Not everyone had such a rosy view of Baxter, however, as he was one of the many Enron executives accused of selling off his Enron stock and making a bundle in the process. In December, Baxter was one of 29 former and current Enron executives and board members named as defendants in a civil suit filed in federal court. They were accused of making a combined $1.1 billion by selling Enron stock between October 1998 and November 2001. Baxter was accused of selling 577,436 shares of Enron stock, making $35.2 million in the process.

"He may have been selling his stock," the former executive says, "but you know what? Ken Lay was selling his and at the same time telling us we ought to be buying it, saying to us that the company was fine. At least Cliff wasn't pumping the stock."

A high-level source with one of the many congressional committees investigating the Enron scandal says that the committee has added Baxter's suicide to the list of Enron-related matters investigators are looking into.

Like many in the once-powerful energy trading company, which declared bankruptcy in December, Baxter was a big political donor. In May 1999, he donated $1,000 to the presidential campaign of then-Gov. George W. Bush. Shortly thereafter he and his wife donated $10,000 to the Republican National Committee. Like Enron as a whole, most of his donations went to Republicans, though he was more than willing to also grease the wheels of Democratic politicians; he gave $500 to Rep. Charles Stenholm, D-Texas, in June 1999.

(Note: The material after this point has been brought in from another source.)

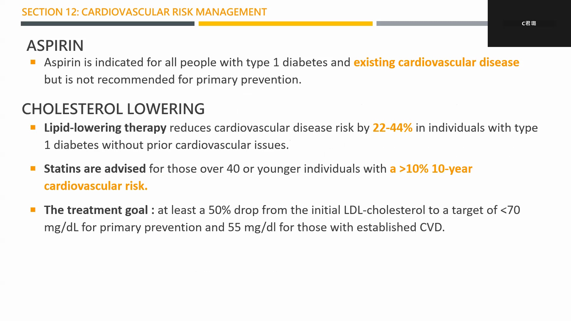 - Statin:建議用於 > 40 歲或 < 40 歲但有高風險者。

As senior vice president for corporate development, Baxter was one of the leaders of the company's Dabhol power project in India and was listed as a "key project contact" for the gas project. India's Maharashtra State Electricity Board owed Enron $64 million for the Dabhol project, a matter that Vice President Dick Cheney controversially raised with an Indian official in June after Baxter had resigned.

"We are deeply saddened by the tragic loss of our friend and colleague, Cliff Baxter," Enron said in a statement. "Our thoughts and prayers go out to his family and friends."

Born in Amityville, N.Y., Baxter graduated from New York University in 1980, served in the U.S. Air Force from graduation until 1985 and received an MBA from Columbia University in 1987. In 1991, he joined Enron and almost immediately began his climb up the corporate ladder. In 1997, Enron promoted Baxter to senior vice president of corporate development at the same time that Andrew Fastow -- the eventual master of the shell partnerships, who was ousted from Enron in October -- was promoted to senior vice president of Enron and head of the newly formed Enron Capital Management.

Baxter became chairman and CEO of Enron North America. In June 2000 he was named chief strategy officer for the company. In October 2000, Baxter was promoted to vice chair of Enron. Less than a year later he had resigned. In a statement at the time, Skilling praised Baxter's "creativity, intelligence, sense of humor and straightforward manner." Skilling said that Baxter would remain a consultant to the company, which the former Enron executive who spoke to Salon says wasn't true. "While we will miss him," Skilling's statement went on, "we are happy that his primary reason for resigning is to spend additional time with his family."

The former Enron executive says that he has trouble imagining why Baxter would kill himself. "The only thing I can think of is that he felt a personal sense of responsibility for not staying at the company and stopping" the corrupt practices. "When he left the company, he left the company."


By Jake Tapper

Jake Tapper is the senior White House correspondent for ABC News.